Methods and results Twenty-one ARVC probands who fulfilled the international Task Force diagnostic criteria underwent right ventricular endomyocardial biopsy and screening of desmosome (D) protein encoding genes. Myocyte intercalated discs were analysed by transmission electron microscope and the data were compared with those of 10 controls and 10 patients with idiopathic dilated cardiomyopathy.
Extensive fibro-fatty replacement with a residual myocardium of 59±23% was found in ARVC biopsy samples.

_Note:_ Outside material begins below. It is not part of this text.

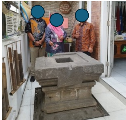
Gambar 1. Penemuan Yoni

Keberadaan artefak Yoni yang ditemukan di lingkungan sekolah dasar menjadi potensi lokal yang bernilai strategis sebagai sumber belajar autentik. Yoni sebagai peninggalan budaya masa Hindu-Buddha tidak hanya merepresentasikan jejak historis kawasan tersebut, tetapi juga menyediakan bukti material yang dapat dimanfaatkan untuk memperkuat pemahaman mengenai hubungan antara ruang, budaya, dan perkembangan peradaban. Artefak Yoni berperan sebagai penghubung langsung antara konsep abstrak IPS dan realitas yang dapat diamati, sekaligus membuka peluang bagi sekolah untuk mengintegrasikan pendekatan pembelajaran berbasis tempat dalam kegiatan belajar. Berdasarkan penelitian Anzelina (2023), menunjukkan bahwa pemanfaatan kearifan lokal dalam pembelajaran mampu memperkaya pemahaman konseptual dan meningkatkan rasa memiliki terhadap lingkungan.

Pathogenic D gene mutations were identified in 10 (48%): desmoglein-2 in four, desmoplakin in three and plakophilin-2 in three. Mean D length and D percent length of intercalated disc were significantly higher, D number was significantly lower and D gap was widened in ARVC. Moreover, abnormally located D in 75%, abnormal small junctions in 52%, and pale internal plaques in 32% of ARVC patients were found in the presence of a normal intercalated disc convolution index.
Conclusion The ultrastructural evidence of intercalated discs remodelling in ARVC, together with the positive screening of D protein encoding genes in half of probands, are in keeping with an intercellular junction cardiomyopathy.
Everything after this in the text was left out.